Large Circuit Models (LCMs) are AI-native foundation models for electronic design automation that are intended to operate over multi-modal circuit data rather than primarily over text. In the most ambitious formulation, they are meant to natively encode and reason over heterogeneous circuit representations spanning functional specifications, RTL, gate-level netlists, and layouts, while preserving electrical, timing, and geometric fidelity (Chen et al., 2024). In the survey literature, the closely related term “circuit foundation models” (CFMs) is used as a broader umbrella covering both encoder-based pre-trained circuit models and decoder-based LLM-style generative systems; within that framing, LCM was introduced earlier as an envisioned framework of multiple aligned encoder-based circuit foundation models, each devoted to one design stage (Fang et al., 28 Mar 2025).
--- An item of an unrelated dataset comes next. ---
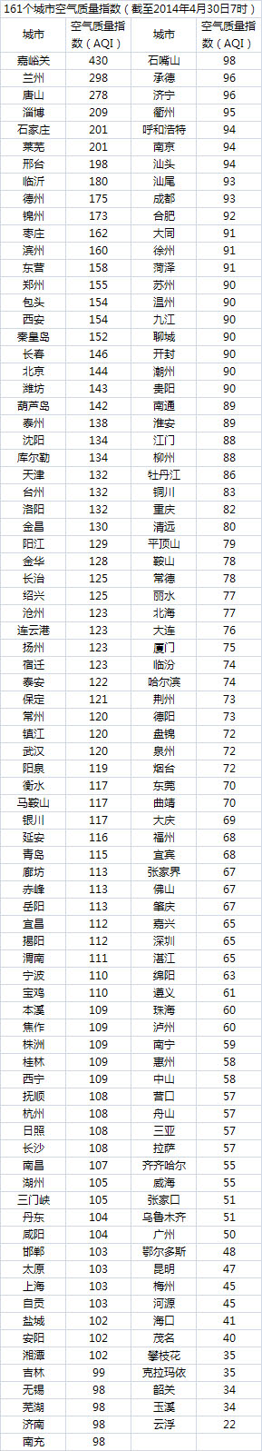 说明:自2014年1月1日起,环保部发布空气质量实时信息、空气质量月报及参与空气质量排名的地级城市已由74个增加到161个,包含了直辖市、省会城市、计划单列市、“三区”所有地级城市、环保重点城市和环保模范城市。人民网环保频道将采用环保部的官方数据,对161个城市每日空气质量进行排行。

The resulting research area sits between representation learning, multimodal reasoning, formal hardware semantics, and workflow automation, and is increasingly discussed as a possible route from AI4EDA toward AI-native EDA (Xu et al., 5 Sep 2025).
1. Conceptual emergence and scope
The defining claim behind LCMs is that hardware is not just language. A circuit simultaneously has functionality or logic, topology or structure, geometry or physical layout, timing, power, and other physical and manufacturing constraints; consequently, a circuit model that only linearizes artifacts as text is structurally incomplete for core EDA tasks (Xu et al., 5 Sep 2025). This motivates the shift from AI4EDA, where machine learning augments isolated steps such as timing estimation or script generation, toward AI-native EDA, where representation learning is embedded in the design process itself and aligned across abstraction levels (Chen et al., 2024).
Within the survey taxonomy, CFMs are defined by a two-stage paradigm: self-supervised pre-training on large amounts of unlabeled circuit data to learn intrinsic circuit properties, followed by efficient fine-tuning or adaptation for downstream applications such as early-stage design quality evaluation, circuit-related context generation, and functional verification (Fang et al., 28 Mar 2025). That definition is broader than the original encoder-centric LCM perspective, but the overlap is substantial: in practice, current discussions of LCMs usually include both encoder-based circuit representation models and decoder-based large generative models that operate on circuit artifacts.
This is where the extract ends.